**Recorded data**
_ _ _
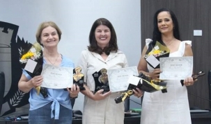 Neusa Vicêncio, de Araruna, e Greice Kelli Sonsin e Denize Goretti Ferreira, de Campo Mourão, foram homenageadas no fim de semana pela Academia Mourãoense de Letras. Elas receberam o Troféu José Moser pelo trabalho que realizam como intérpretes de Língua Brasileira de Sinais – Libras. O troféu é concedido anualmente a representantes de categorias profissionais que contribuem para o desenvolvimento cultural, literário e artístico.
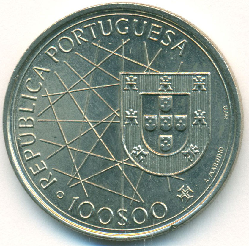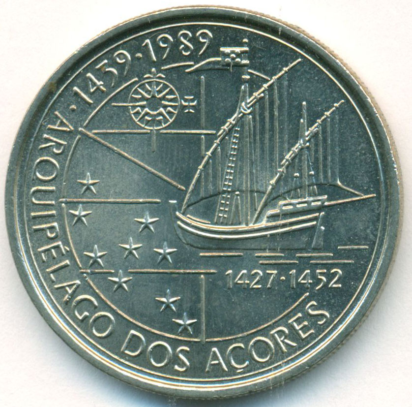 Коллекционная монета из серии "Золотая эра Португальских открытий" - Открытие Азорских островов.
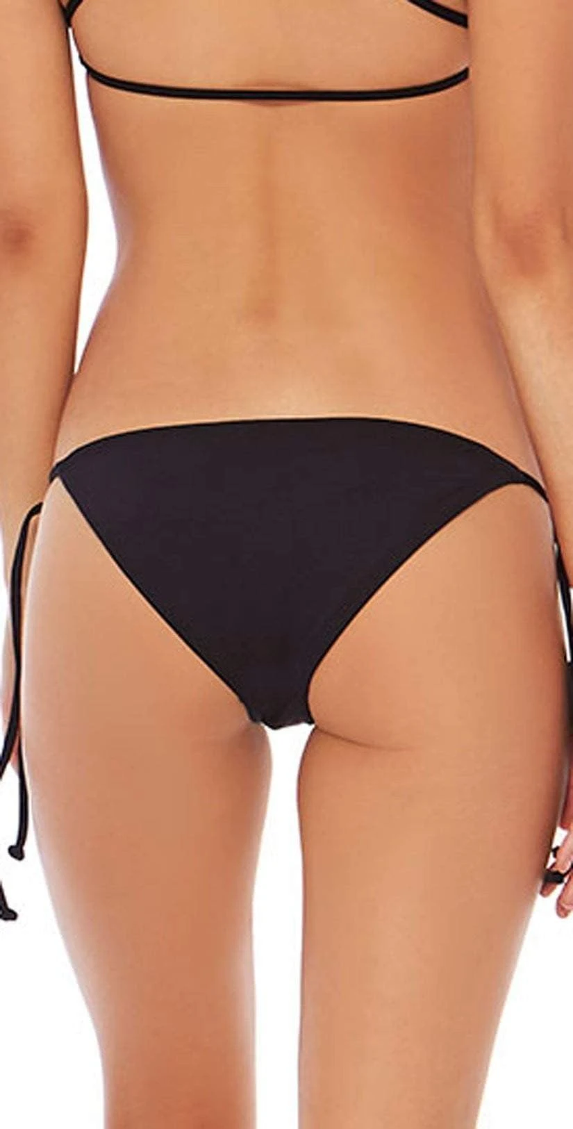 The L Space Lily Classic Bottom in Black offers sexy cheeky coverage, tie sides for the perfect fit and a seamless design for a soft look and feel. These bottoms pair perfectly with the L Space Flynn Bikini Top in Black.Â
_ _ _
**Aim of the task**
Your copy should hold exactly the lines from the one that contains "Коллекционная монета из" through the final line of the data, both ends included, and no pictures.

**Result of this exercise**
 Коллекционная монета из серии "Золотая эра Португальских открытий" - Открытие Азорских островов.
 The L Space Lily Classic Bottom in Black offers sexy cheeky coverage, tie sides for the perfect fit and a seamless design for a soft look and feel. These bottoms pair perfectly with the L Space Flynn Bikini Top in Black.Â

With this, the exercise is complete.